## What the task requires
The response must consist of the lines below from the one with "The creative goal" through the one with "- Con un collar", exactly as they appear and with both ends kept.

## Data records
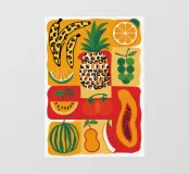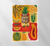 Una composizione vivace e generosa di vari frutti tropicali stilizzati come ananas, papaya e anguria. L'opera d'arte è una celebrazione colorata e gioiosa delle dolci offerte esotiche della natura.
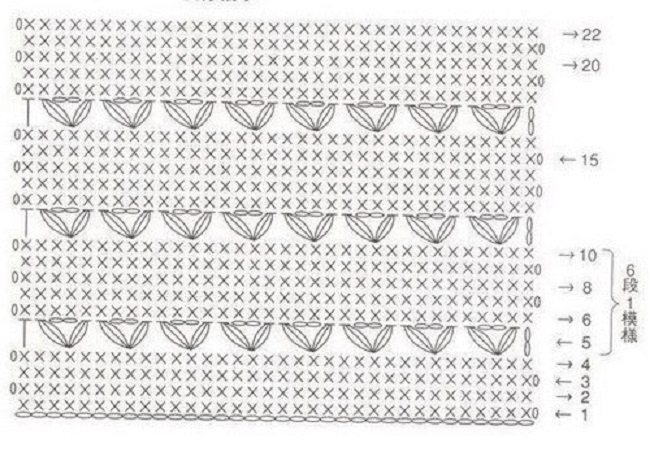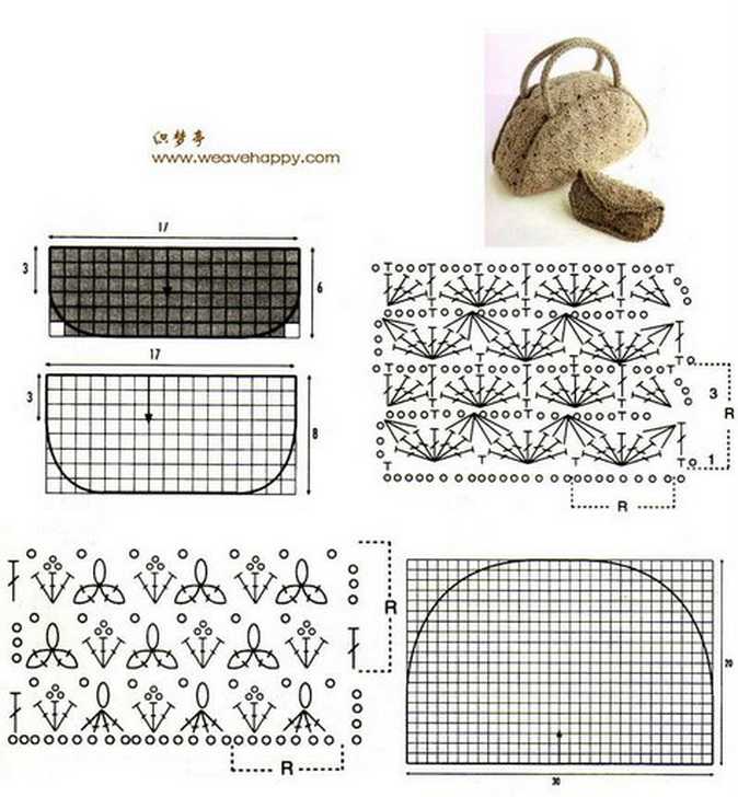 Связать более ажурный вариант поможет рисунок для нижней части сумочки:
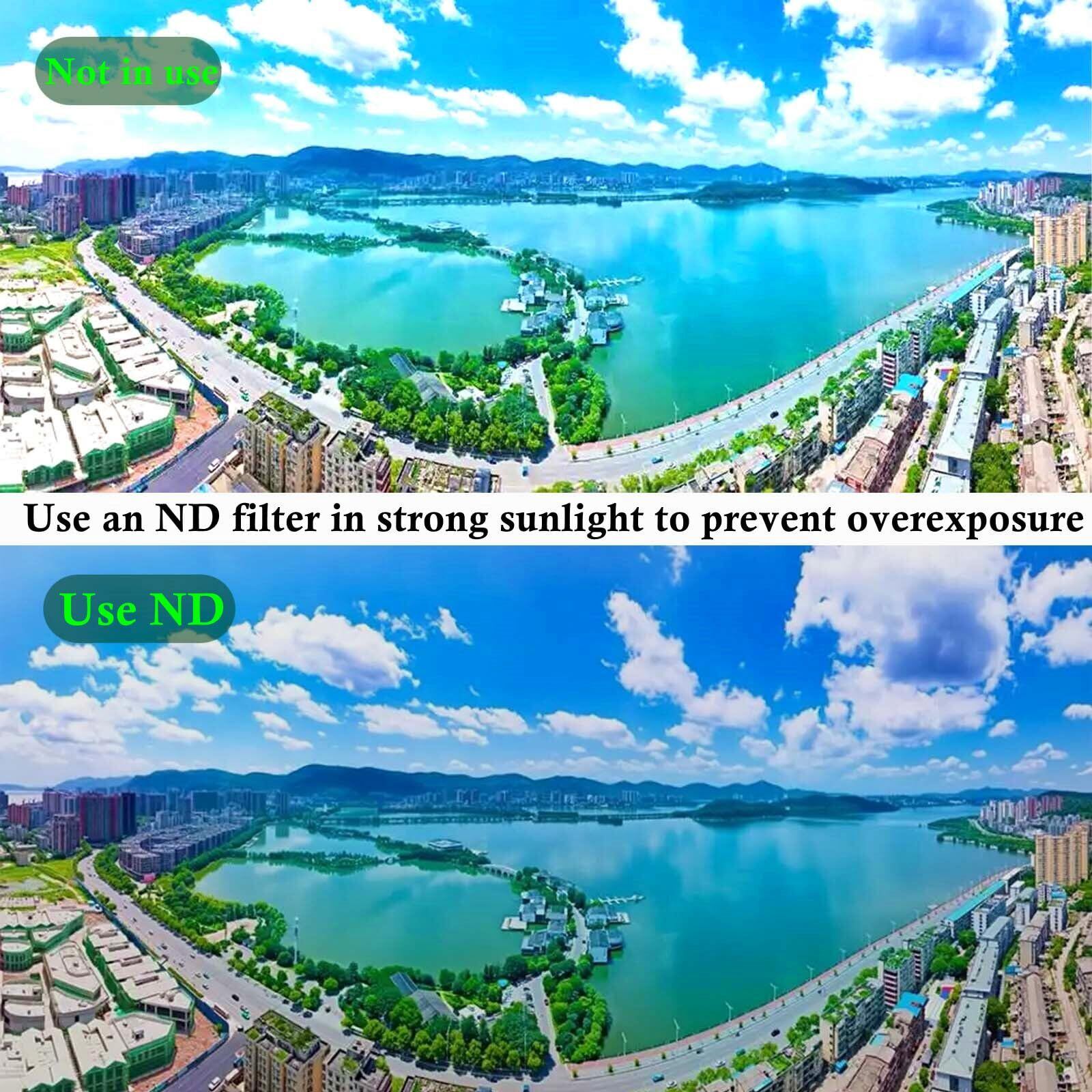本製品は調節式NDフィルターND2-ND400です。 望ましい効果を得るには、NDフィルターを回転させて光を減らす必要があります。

* * *

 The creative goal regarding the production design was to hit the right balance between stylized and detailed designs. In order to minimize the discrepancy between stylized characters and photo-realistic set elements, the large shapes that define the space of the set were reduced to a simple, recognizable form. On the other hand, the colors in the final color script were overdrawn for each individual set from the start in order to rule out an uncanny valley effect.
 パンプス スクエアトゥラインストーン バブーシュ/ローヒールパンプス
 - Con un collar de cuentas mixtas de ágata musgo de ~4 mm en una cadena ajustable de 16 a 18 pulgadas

---

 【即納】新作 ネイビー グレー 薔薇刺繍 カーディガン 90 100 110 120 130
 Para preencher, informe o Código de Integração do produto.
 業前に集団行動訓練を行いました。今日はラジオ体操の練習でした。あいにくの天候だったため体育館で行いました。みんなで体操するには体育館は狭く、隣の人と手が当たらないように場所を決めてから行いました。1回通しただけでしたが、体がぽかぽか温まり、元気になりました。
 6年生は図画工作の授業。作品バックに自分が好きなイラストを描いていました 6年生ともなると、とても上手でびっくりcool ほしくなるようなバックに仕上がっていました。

## Written solution
 The creative goal regarding the production design was to hit the right balance between stylized and detailed designs. In order to minimize the discrepancy between stylized characters and photo-realistic set elements, the large shapes that define the space of the set were reduced to a simple, recognizable form. On the other hand, the colors in the final color script were overdrawn for each individual set from the start in order to rule out an uncanny valley effect.
 パンプス スクエアトゥラインストーン バブーシュ/ローヒールパンプス
 - Con un collar de cuentas mixtas de ágata musgo de ~4 mm en una cadena ajustable de 16 a 18 pulgadas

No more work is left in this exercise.